How Pix2Pix works ?
Image-to-Image translation is defined as the task of translating from one possible representation or style of the scene to another, given the amount of training data from two set of scenes. There are currently two types of Image-to-Image translation model implemented into the
arcgis.learn module, Pix2Pix and CycleGAN.
In this guide, we will focus on Pix2Pix , which is one of the famous and sucessful deep learning models used for paired image translation. In geospatial sciences, this approach could help in wide range of applications traditionally not possible, where we may want to go from one domain of images to another i.e. image to map, RGB to multi-spectral imagery, SAR to imagery, DSM to imagery etc.
To follow the guide below, we assume that you have some basic understanding of the convolutional neural networks (CNN) concept. You can refresh your CNN knowledge by going through this short paper “A guide to convolution arithmetic for deep learning” and course on Convolutional Neural Networks for Visual Recognition . Also, we recommend to read this paper about Generative Adversarial Networks: An Overview and go through fast.ai course on GANs before reading this one. Pix2Pix are a type of GAN architecture called conditonal GAN. Hence, its important for us to know basics of GANs.

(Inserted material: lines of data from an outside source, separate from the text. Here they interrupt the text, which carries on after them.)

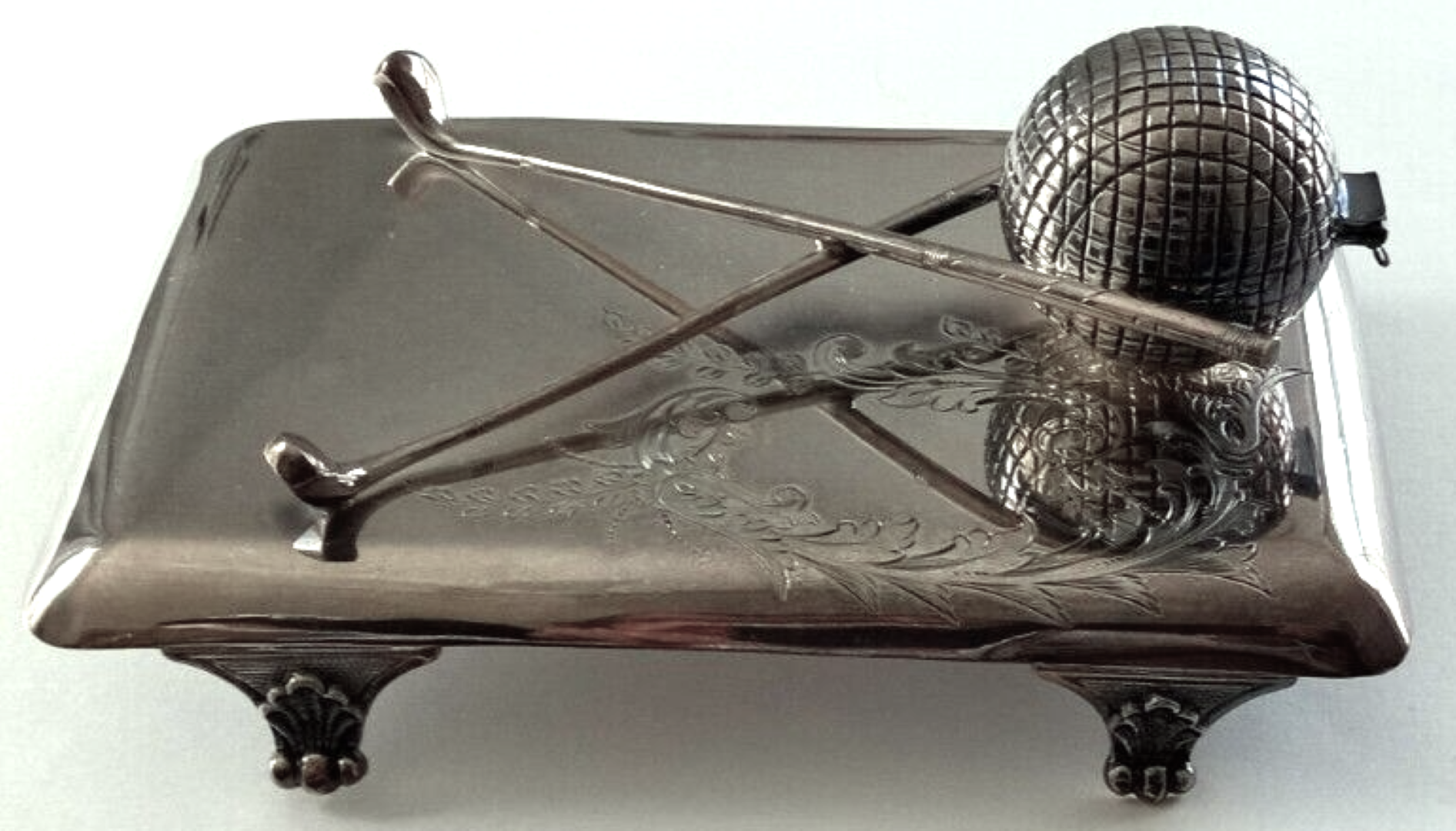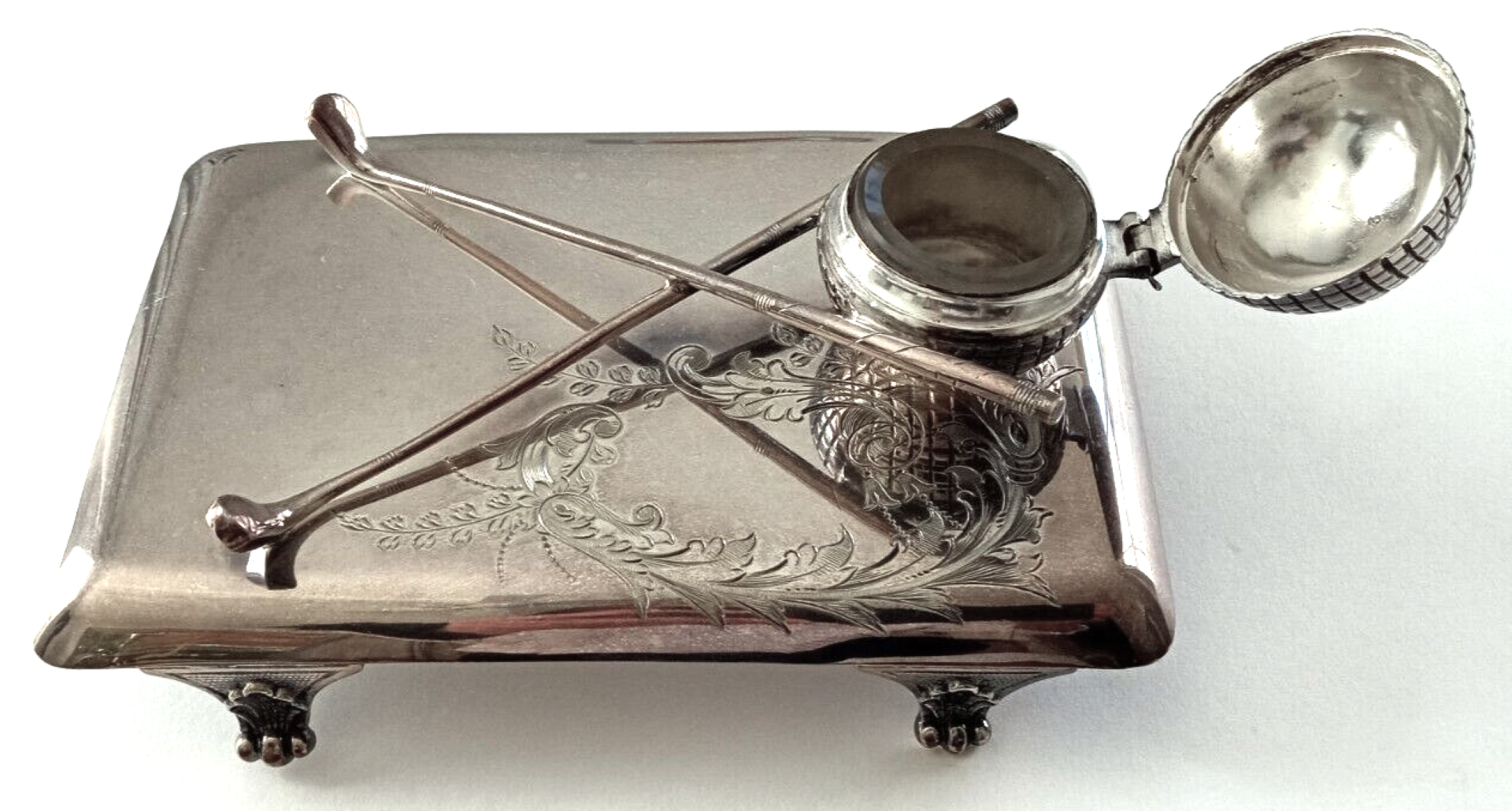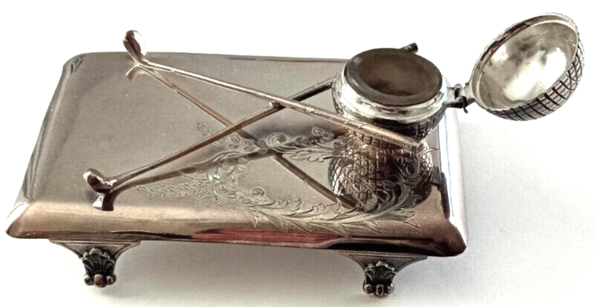 This electroplated silver inkstand has a rectangular base with rounded corners, four scrolled legs and is decorated with foliage engraving. The base is surmounted by crossed golf clubs and a mesh pattern golf ball with a hinged cover enclosing a glass liner. Maker’s mark and number on the underside.
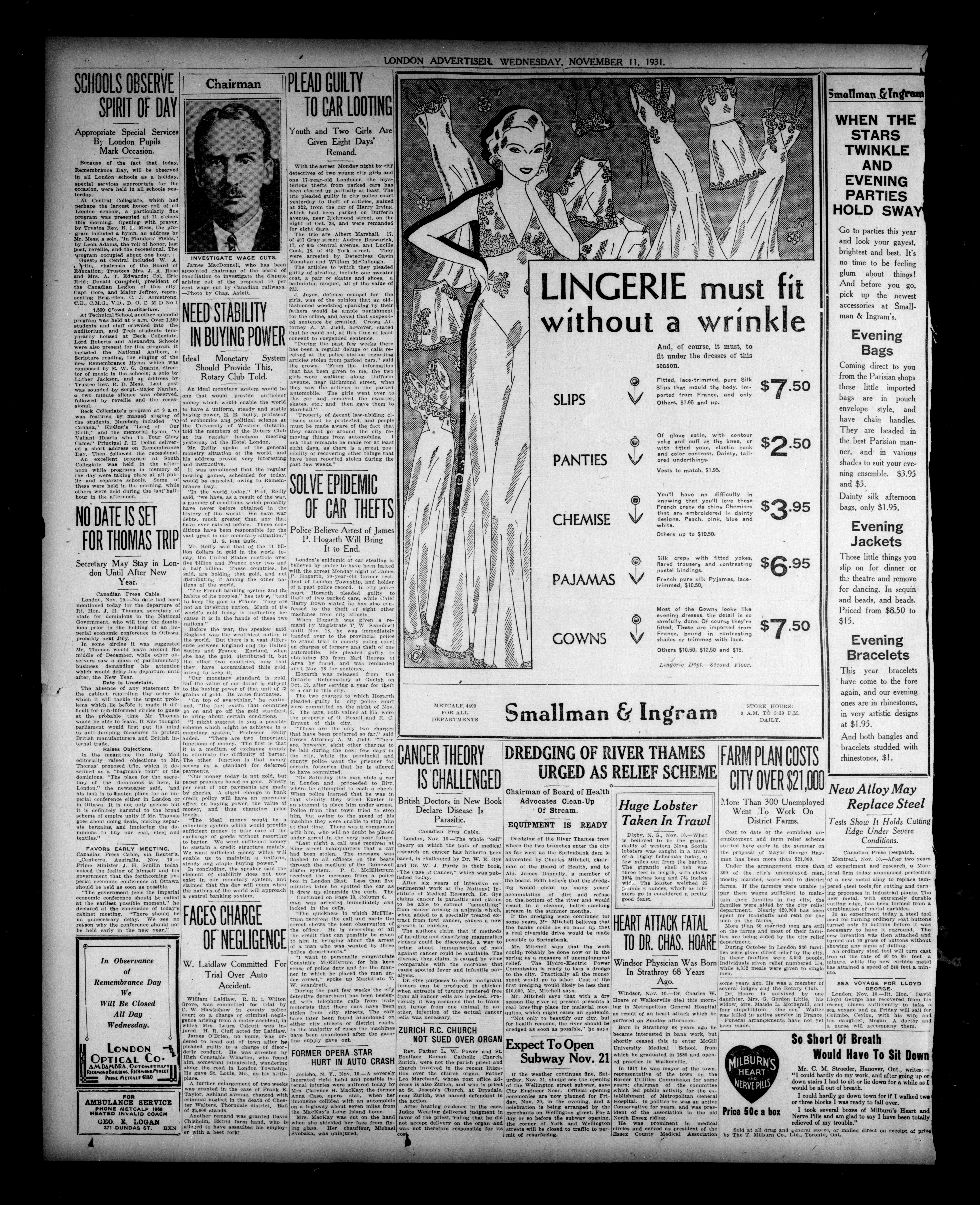 London, Ontario : London Advertiser Company, Limited, [1931]; 16 images, 0 avec recherche en texte intégral
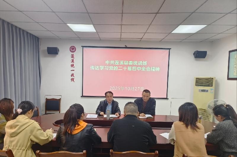10月27日,蓬溪县委统战部召开干部职工会议,专题传达学习党的二十届四中全会精神,研究贯彻落实措施。
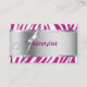 Las tarjetas de visita modernas del estilista con el fondo metálico de plata simulado, una cebra del rosa rayan el modelo, y el peluquero scissors. Personalice el texto en dos lados. Diseño fácil del estilo de la plantilla que usted puede alterar a su tener gusto. Las mejores tarjetas de visita para los salones de belleza, los peluqueros, los hairstylists, o el cortador independiente del pelo.
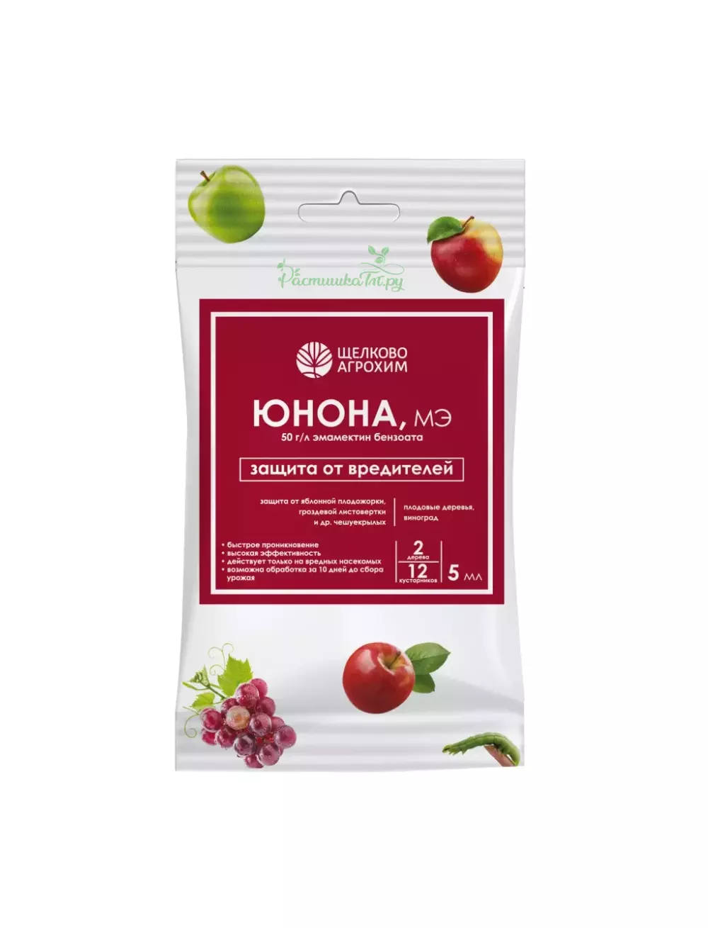 "ЩА Юнона МЭ" – фунгицид системного действия, предназначенный для защиты овощных, плодовых, ягодных и декоративных культур от широкого спектра грибковых заболеваний. Препарат обладает профилактическим и лечебным действием, быстро проникает в ткани растений и обеспечивает длительную защиту.
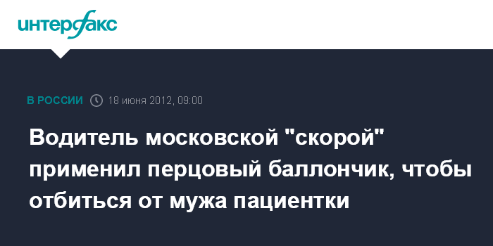 Москва. 18 июня. INTERFAX.RU - Водителю "скорой помощи" пришлось защищаться при помощи перцового баллончика от буйного мужа пациентки на северо-западе столицы, сообщил "Интерфаксу" источник в медицинских кругах.
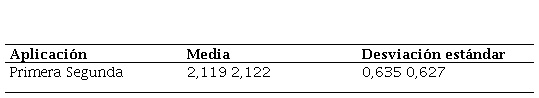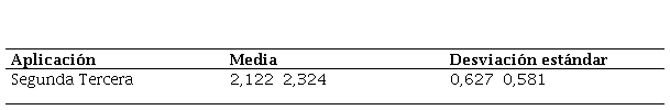 Al inicio de la sexta sesión de la secuencia didáctica, con las actividades ya realizadas, los estudiantes contestaron por segunda vez la Escala de percepciones sobre la fluidez oral del inglés con el objetivo de analizar el efecto de las seis primeras sesiones en los estudiantes. Para esto se compararon las medias y desviaciones estándar de la primera y segunda aplicación de dicha escala, aplicada en las sesiones uno y seis respectivamente. La media global del instrumento se mantuvo en la opción A veces, siendo esta la respuesta más frecuente, con una mínima variación de tres centésimas. La desviación estándar también disminuyó mínimamente como se evidencia en la tabla 3.
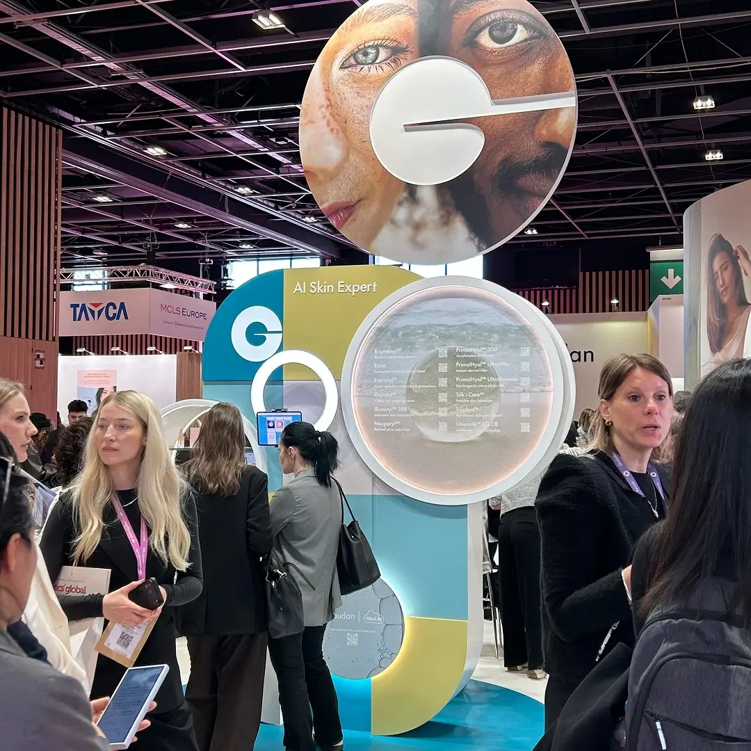 At Givaudan Active Beauty’s booth, visitors could literally see the science work. A live AI-powered facial scan showed in real time how their nerve fiber regeneration active would transform skin over time.

GANs are type of framework that estimate generative models through a adversarial process, in which two models are trained simultenously called generator (G) and discriminator (D) model. The generator model learns to generate probable data while, the discriminator model learns to distinguish the fake data generated by G from the real data . Hence, the objective function for training the GAN and can be expressed as a two-player min–max game, where the goal of the generator G is to minimize the objective, and the discriminator D tries to maximize it.
This approach of training leads the generator G to estimate or generate sample data that can fool the discriminator D as training progresses and finally the discriminator D gets terrible in differentiating between real and fake data and its accuracy decreases. The basic architecture of a GAN is shown in figure 2 .
Pix2Pix is based on condtional GAN architecture. conditional GANs or cGAN are a type of GAN architecture. cGANs are trained on paired set of images or scenes from two domains to be used for translation. As GANs are trained to generate fake samples from entire set of training dataset, it often lead to poor results. Hence, we condition the generator and discriminator on an input image or some assisting information leading to targeted generation of images from target domain. This makes cGANs suitable for image-to-image translation tasks, where we condition on an input image and generate a corresponding output image.
The architecture of pix2pix consists of a Generator G and a Discriminator D. The Generator G is a encoder-decoder net or U-Net with skip connection while, Discriminator is a patch-GAN architecture, which penalizes at scale of patches.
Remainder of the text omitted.